### EXERCISE DESCRIPTION
Reproduce the listing below in full and exactly; no pictures belong in the copy.

### RAW DATA
^^^^^^^^^^^^^^^^

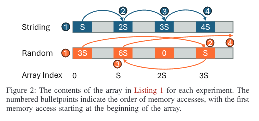 基于上面 Figure 5 的结果, 实验使用了 501 个 nodes 的链表, 500 个 striding
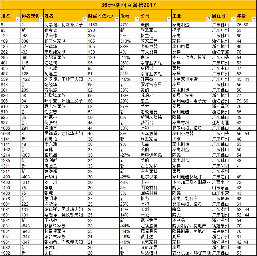 苏菲亚衣柜的江淦钧财富95亿元,位列总排名401,前进115位;皮阿诺的马礼斌以85亿元新上榜,总排名455名。
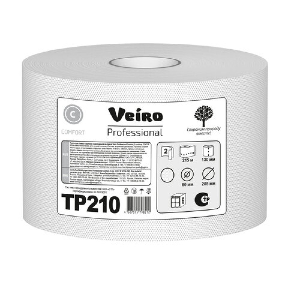 Бумага туалетная 215 м, VEIRO (Система T8), КОМПЛЕКТ 6 шт., с центральной вытяжкой, Comfort, 2-слойная, TP210 — купить в Екатеринбурге

^^^^^^^^^^^^^^^^

### WRITTEN ANSWER
 基于上面 Figure 5 的结果, 实验使用了 501 个 nodes 的链表, 500 个 striding
 苏菲亚衣柜的江淦钧财富95亿元,位列总排名401,前进115位;皮阿诺的马礼斌以85亿元新上榜,总排名455名。
 Бумага туалетная 215 м, VEIRO (Система T8), КОМПЛЕКТ 6 шт., с центральной вытяжкой, Comfort, 2-слойная, TP210 — купить в Екатеринбурге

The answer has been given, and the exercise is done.